What you need to do: Nothing but the text of the listing, repeated exactly, belongs in the answer; leave the images out.

Data block:
----
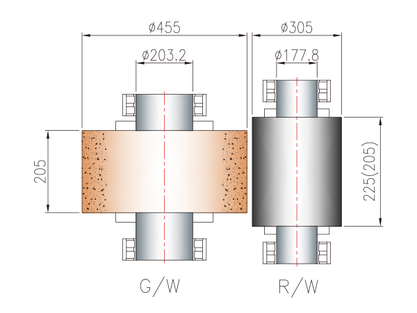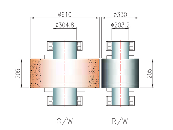| Regulating wheel | O.D x Width x I.D | Ø305 x 150 x Ø177.8mm | Ø305 x 205 x Ø177.8mm | |
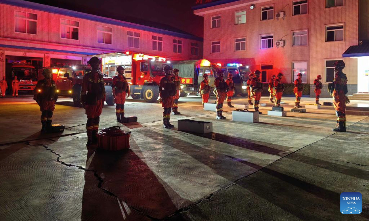 Firefighters are ready to set out for rescue operation, in Dali Bai Autonomous Prefecture, southwest China's Yunnan Province on June 5, 2025. A 5.0-magnitude earthquake struck Eryuan County in Bai Autonomous Prefecture of Dali, southwest China's Yunnan Province at 4:31 a.m. Thursday (Beijing Time), according to the China Earthquake Networks Center (CENC). The epicenter was monitored at 26.26 degrees north latitude and 100.03 degrees east longitude. The quake struck at a depth of 10 km, said a report issued by the CENC. The quake was strongly felt in Eryuan County, Dali City and Heqing County, waking some residents. Local authorities in Eryuan County have promptly initiated an emergency response, with townships assessing the impact. (Xinhua)
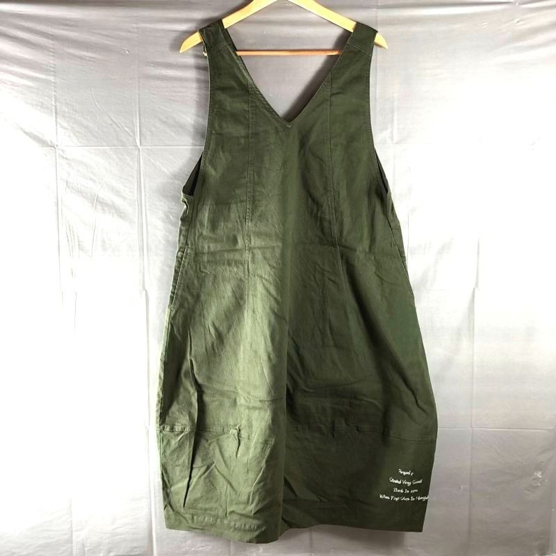 - パーソンズ PERSON'S ジャンパースカート ロング デニム生地 英字刺繍 コクーンシルエット グリーン系 カーキ Lサイズ 2025090300036
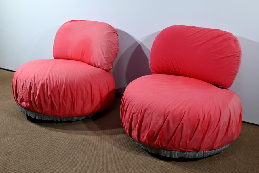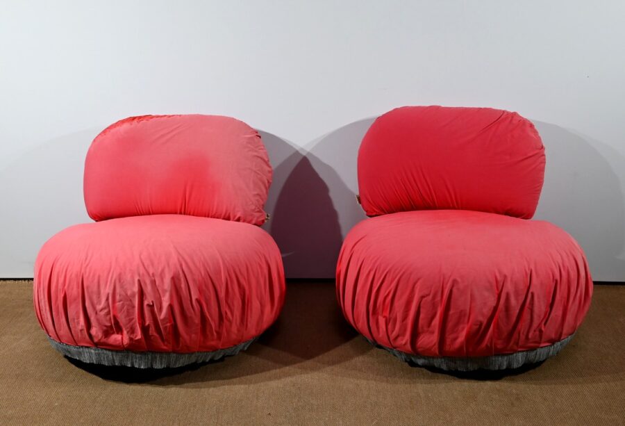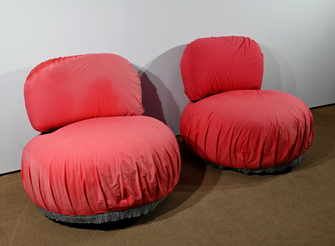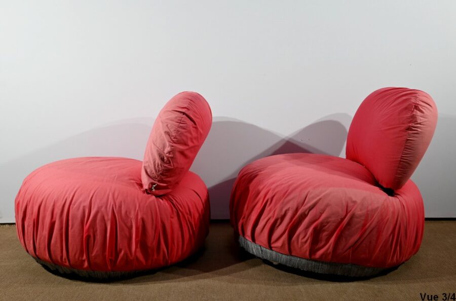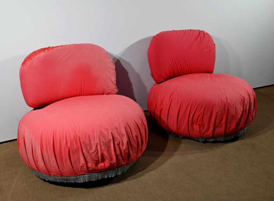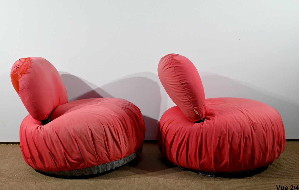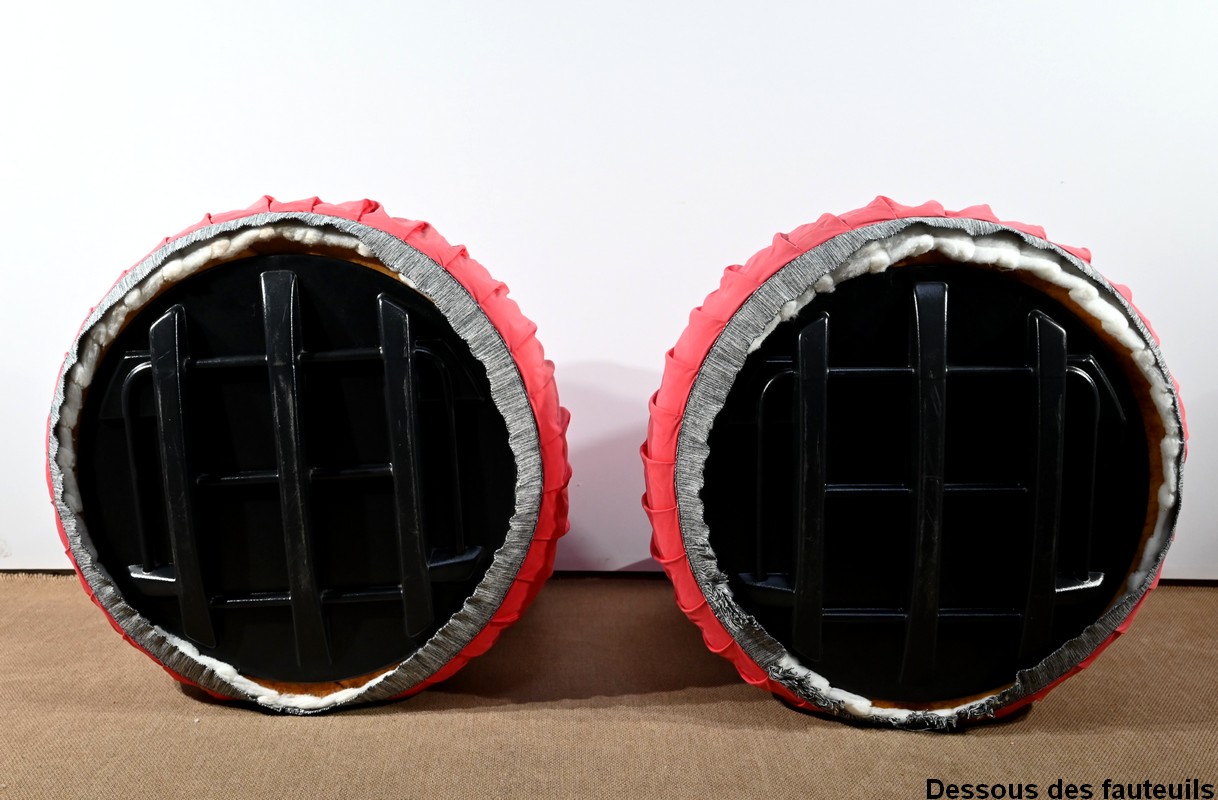 Ces produits design, de forme circulaire, sont garnis d’un tissu rouge grenadine. Les dossiers amovibles sont fixés à l’aide de tiges métalliques dans l’esprit des repose-têtes de sièges pour automobiles.
----
Answer:
| Regulating wheel | O.D x Width x I.D | Ø305 x 150 x Ø177.8mm | Ø305 x 205 x Ø177.8mm | |
 Firefighters are ready to set out for rescue operation, in Dali Bai Autonomous Prefecture, southwest China's Yunnan Province on June 5, 2025. A 5.0-magnitude earthquake struck Eryuan County in Bai Autonomous Prefecture of Dali, southwest China's Yunnan Province at 4:31 a.m. Thursday (Beijing Time), according to the China Earthquake Networks Center (CENC). The epicenter was monitored at 26.26 degrees north latitude and 100.03 degrees east longitude. The quake struck at a depth of 10 km, said a report issued by the CENC. The quake was strongly felt in Eryuan County, Dali City and Heqing County, waking some residents. Local authorities in Eryuan County have promptly initiated an emergency response, with townships assessing the impact. (Xinhua)
 - パーソンズ PERSON'S ジャンパースカート ロング デニム生地 英字刺繍 コクーンシルエット グリーン系 カーキ Lサイズ 2025090300036
 Ces produits design, de forme circulaire, sont garnis d’un tissu rouge grenadine. Les dossiers amovibles sont fixés à l’aide de tiges métalliques dans l’esprit des repose-têtes de sièges pour automobiles.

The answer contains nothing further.